The basic question which he studied is: How much information about the plaintext and the secret key is contained in the ciphertext,
regardless of the amount of work necessary to obtain this information?
Complex block ciphers and public-key encryption
were not known at that time. So, his analysis was focused on the classical ciphers, such as substitution, transposition or Vigenère ciphers.

But his methods are still fundamental in the analysis of modern cryptosystems.

Today, we distinguish between two types of security in cryptography, computational security and information-theoretic (or unconditional) security. The security of many currently used cryptosystems, in particular that of all public-key cryptosystems, is based on the assumed infeasibility of solving a computational problem, such as factoring integers, with (necessarily limited) real-world resources. Since there is only evidence, but no mathematical proof for the hardness of the underlying computational problem, the security of such a system is conditional. It relies on an unproven intractability assumption.

Shannon’s information-theoretic model of security provides unconditional security, not dependent on the assumed hardness of a computational problem and the limited computational power of an adversary. The adversary may have unbounded computing power. Information-theoretic security is stronger than computational security, but it is usually less practical. However, there is a lot of successful and promising work in order to construct practical information-theoretically secure cryptosystems (see below).

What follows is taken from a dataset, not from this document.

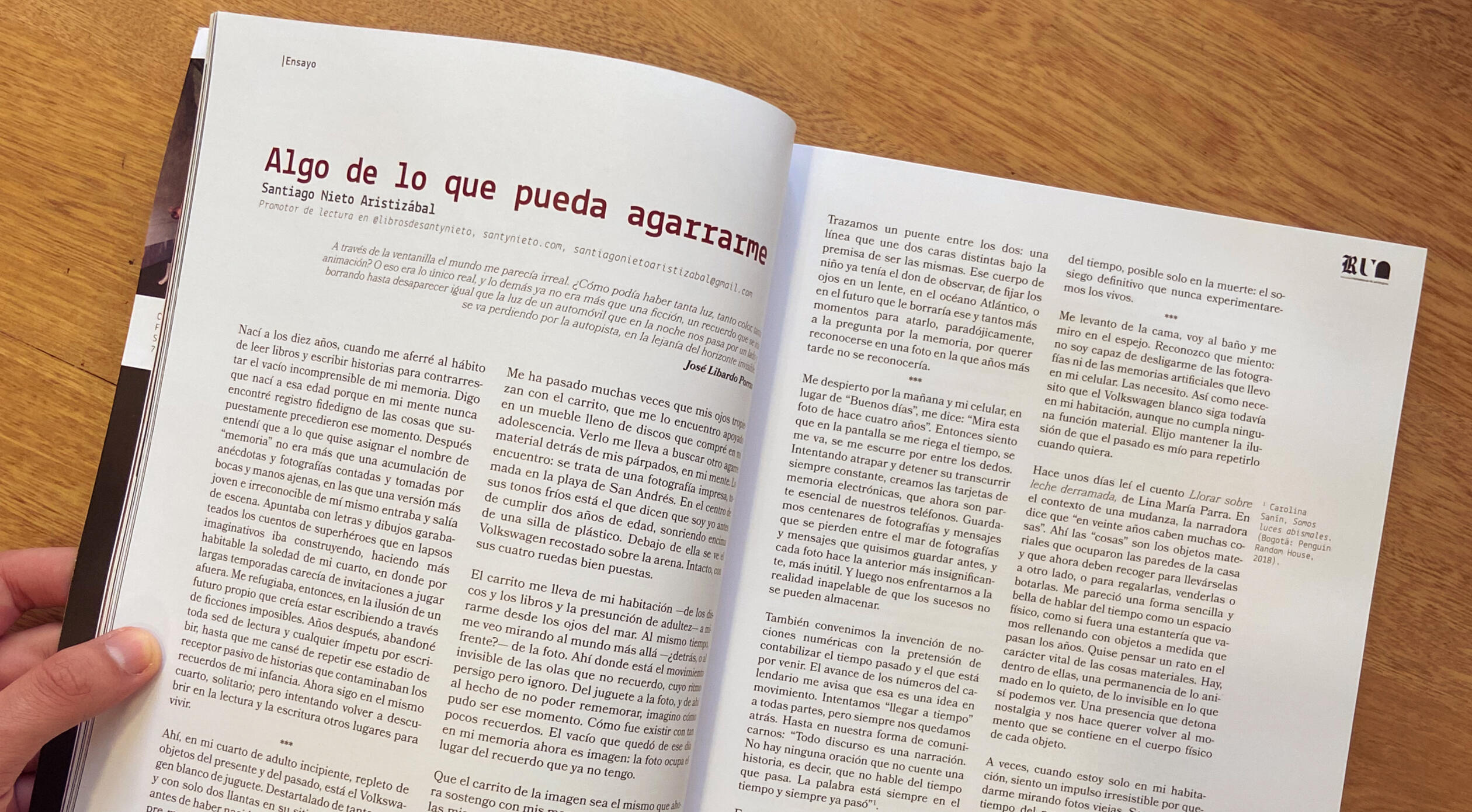 Ensayo | Del juguete a la foto, y de ahí al hecho de no poder rememorar, imagino cómo pudo ser ese momento. Cómo fue existir con tan pocos recuerdos. El vacío que quedó de ese día en mi memoria ahora es imagen: la foto ocupa el lugar del recuerdo que ya no tengo. Seguir leyendo: Publicado en el número 351 de la Revista Universidad de Antioquia.

A symmetric encryption scheme (or secrecy system) consists of an encryption map \({E}:{K \times M}\to{C}\) mapping a plaintext \(m \in M\) to a ciphertext (or cryptogram) \(c = E(k,m)\) by using a secret key \(k \in K\). You may consider it, as Shannon does, as a family \(\left(E_k \right)_{k \in K}\) of encryption transformations \(E_k : m \mapsto E(k,m)\). The sets \(M\), \(K\) and \(C\) are information sources: Each message \(m \in M\) is produced with an a priori probability \(\mathrm{prob}(m)\), and the keys \(k\) are randomly selected, according to some probability distribution. As a consequence, we also have a probability distribution on \(C\). The key concepts of information theory that are applied in the analysis of secrecy systems are entropy, redundancy, mutual information, equivocation and the like. The average amount of information associated with a message, measured in bits, is given by the entropy or uncertainty \(H(M)\),

\[ H(M) = - \sum_{m \in M} \mathrm{prob}(m) \cdot\log_2(\mathrm{prob}(m)). \]

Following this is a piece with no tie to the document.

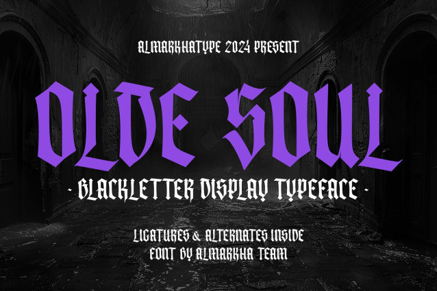 Olde Soul Font is a vintage font inspired by the textura blackletter calligraphy style, featuring a minimalist vicious touch. This typeface combines the traditional intricacies of medieval script with contemporary design elements, resulting in a unique and versatile aesthetic. Its ornate, angular characters evoke a sense of history and sophistication, making it perfect for projects that require a blend of classic elegance and vicious design. Ideal for use in branding, logos, posters, and other creative works.

The entropy is maximal if the probabilities are uniformly distributed. Then \(H(M) = \log_2(n)\), with \(n\) the number of elements in \(M\). The redundancy of an information source \(M\) is \(\log_2(n) - H(M)\). The redundancy (per character) of a natural language is \( \lim_{n \to\infty} {D_n}/{n}\), where \(D_n\) is the redundancy of sentences of length \(n\). The redundancy of normal English is about \(0.7\). Important in cryptanalysis is the conditional entropy \(H(M|C)\), also called equivocation. It is computed from the a posteriori probabilities \(\mathrm{prob}(m|c)\) (given the ciphertext \(c\), what is the probability of \(m\)?),

\[ H(M|C):=- \sum_{c \in C}\mathrm{prob}(c) \times \sum_{m \in M}\mathrm{prob}(m|c) \cdot \log_2(\mathrm{prob}(m|c)).\tag{*} \]

The equivocation is the average missing amount of information about \(m\), given a cryptogram \(c\). \(I(M;C) := H(M) - H(M|C)\) is called mutual information and measures the average amount of information about \(m\) obtained by learning \(c\).

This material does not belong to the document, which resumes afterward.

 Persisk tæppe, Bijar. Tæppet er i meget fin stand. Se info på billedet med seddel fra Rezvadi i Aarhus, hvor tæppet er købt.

Shannon’s 1949 paper is structured into three parts. In Part I, ‘Mathematical Structure of Secrecy Systems’, he describes the structure of a (symmetric) encryption scheme (see above). He restates Kerkhoff’s principle from the 19th century: “The enemy knows the system being used.” Widely used classical ciphers are presented, and basic features of secrecy systems are introduced.

Part II, ‘Theoretical Secrecy’, is the core of the paper. Shannon studies the information-theoretic security of encryption schemes against ciphertext-only attacks: “How immune is a system to cryptanalysis when the cryptanalyst has unlimited time and manpower available for the analysis of cryptograms?”

Perfect secrecy of an encryption scheme is defined, which means that intercepting the ciphertext \(c\) does not increase the adversary’s information about the plaintext, i.e., the equivocation \(H(M|C)\) is equal to \(H(M)\). Perfect secrecy means unconditional security against eavesdroppers. It does not protect against active attackers who try to modify messages, without being detected. Shannon shows that the one-time pad, which was proposed by G.S. Vernam in 1917, provides perfect secrecy. Until 1949, the Vernam cipher was considered unbreakable, but it was not mathematically proven. Additionally, he proves the famous result that the Vernam cipher is optimal: Perfect secrecy requires a random secret key of at least the same length as the plaintext, or, more precisely, the entropy of the keys must not be less than the entropy of the messages, \(H(K) \geq H(M)\).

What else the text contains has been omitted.